Exception on client:

2020-03-08 21:26:06,144 [kafka-producer-network-thread | producer-1] WARN org.apache.kafka.clients.NetworkClient [] - [Producer clientId=producer-1] Error connecting to node ubuntu-confluent:9092 (id: 0 rack: null)
java.net.UnknownHostException: ubuntu-confluent: nodename nor servname provided, or not known
at java.net.Inet6AddressImpl.lookupAllHostAddr(Native Method) ~[?:1.8.0_151]
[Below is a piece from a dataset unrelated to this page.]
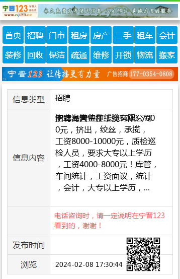 电话咨询时,请一定说明在宁晋123看到的,谢谢! |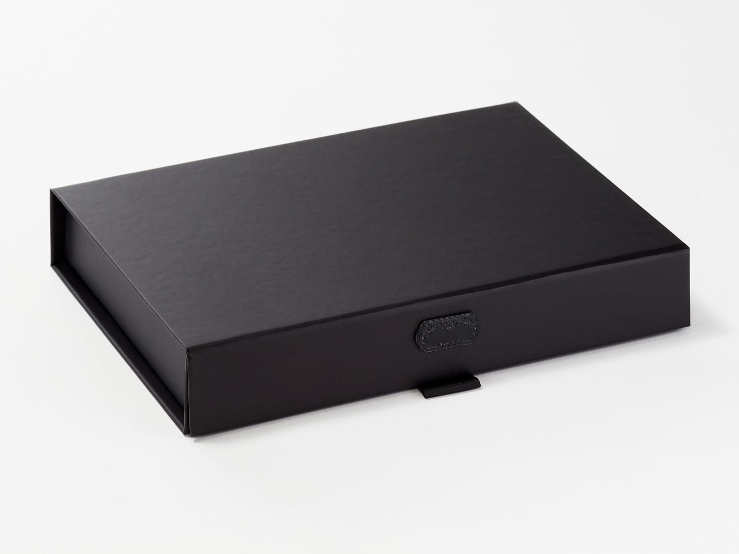 Our black metal slot decal labels feature a beautifully detailed 3D relief pattern and are a unique self-adhesive decorative accessory for our slot gift boxes with changeable ribbon.

at java.net.InetAddress$2.lookupAllHostAddr(InetAddress.java:928) ~[?:1.8.0_151]
at java.net.InetAddress.getAddressesFromNameService(InetAddress.java:1323) ~[?:1.8.0_151]
at java.net.InetAddress.getAllByName0(InetAddress.java:1276) ~[?:1.8.0_151]
at java.net.InetAddress.getAllByName(InetAddress.java:1192) ~[?:1.8.0_151]
at java.net.InetAddress.getAllByName(InetAddress.java:1126) ~[?:1.8.0_151]
at org.apache.kafka.clients.ClientUtils.resolve(ClientUtils.java:104) ~[kafka-clients-2.4.0.jar:?]

Easiest fix is to just add an entry to /etc/hosts.